Dagegen gab Löwen-Trainer Gudmundur Gudmundsson zu: "Wir haben alles gegeben, aber der Gegner war zu stark. Ich bin zufrieden damit, wie meine Mannschaft gekämpft und Charakter gezeigt hat. Ähnlich wie gestern haben wir schlecht begonnen, das haben wir teuer bezahlt."

Hamburg ohne Lackovic

Die Hamburger, die auf Blazenko Lackovic (Rückenprobleme) verzichten mussten, begannen konzentriert und setzten die Prämisse von Trainer Martin Schwalb um, der vor dem Spiel trotz dessen zweifelhaftem Wert angekündigt hatte: "Wir haben nichts zu verschenken."

Wie schon im Halbfinale kam der Toyota-HBL-Vierte aus Mannheim, bei dem Henning Fritz den am Oberschenkel verletzten Slawomir Szmal zwischen den Pfosten vertrat, dagegen zunächst überhaupt nicht in die Partie und lag nach fünf Minuten 0:4 zurück.

Auch wenn die Löwen sich langsam in die Partie bissen, dominierte der HSV das Geschehen.

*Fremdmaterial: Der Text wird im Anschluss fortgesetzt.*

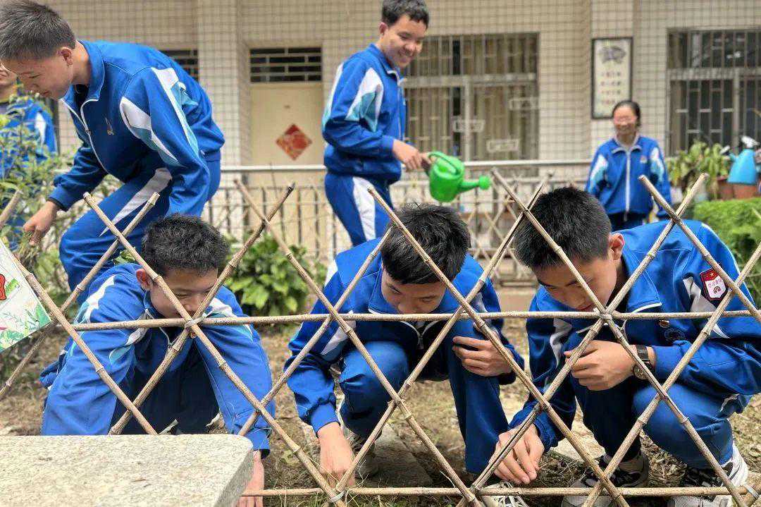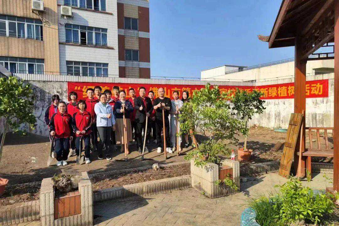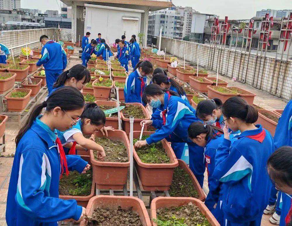 佛山市第十一中学开展“种植春天,绿满心田”植树护绿系列活动。同学们为学校中草药园进行锄草、修剪,并种植新的树苗;在学校天台农场播种培育好的蔬菜幼苗;在教室内布置植物角,开展“家庭种植”。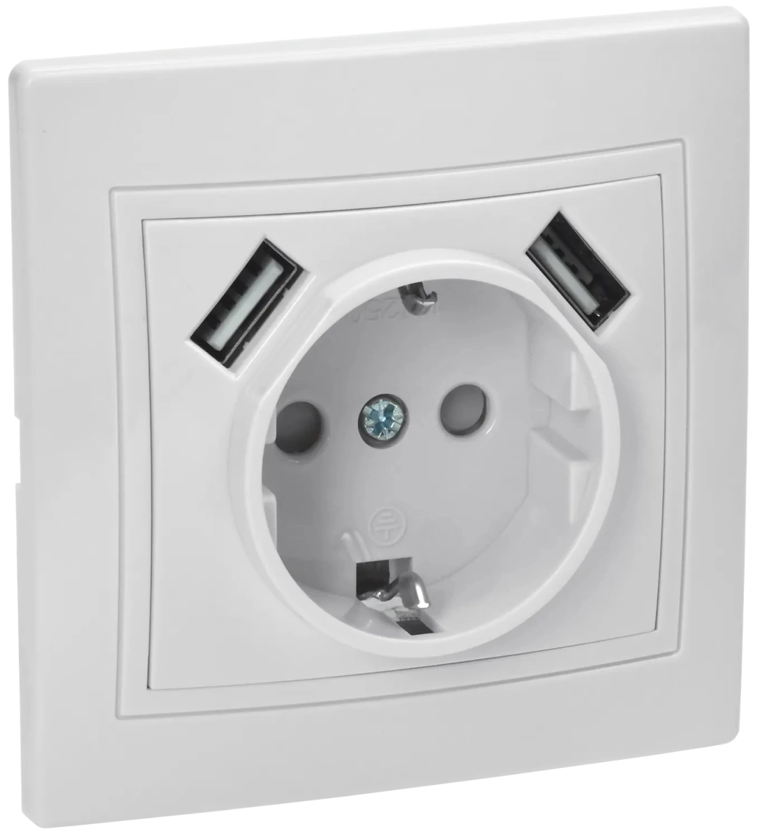 Наименование в каталоге КВАРТА Розетка с заземлением со шторками белая 16А USBх2 2,1А

Über 9:5 (15.) und 12:8 (22.) verteidigte Hamburg seinen Vorsprung. Selbst eine doppelte Überzahl konnten die Löwen nicht nutzen, um entscheidend aufzuholen.

Myrhol bringt die Löwen ran

Erst Ende des ersten Durchgangs fand das Team von Gudmundur Gudmundsson offensiv bessere Lösungen und setzte zunehmend Kreisläufer Myrhol in Szene.

Beim 13:14 (26.) durch Linksaußen Gudjon Valur Sigurdsson waren die Löwen plötzlich wieder dran, mit einer Zwei-Tore-Führung für Hamburg ging es in die Pause.

Auch nach dem Wechsel dominierte der HSV und kam vor allem durch die überragenden Kreisläufer Gille und Vori immer wieder zum Torerfolg.

Dass die Löwen im Spiel blieben, hatten sie ihrer Rückraumachse mit Stefansson, Sesum und Grzegorz Tkaczyk zu verdanken.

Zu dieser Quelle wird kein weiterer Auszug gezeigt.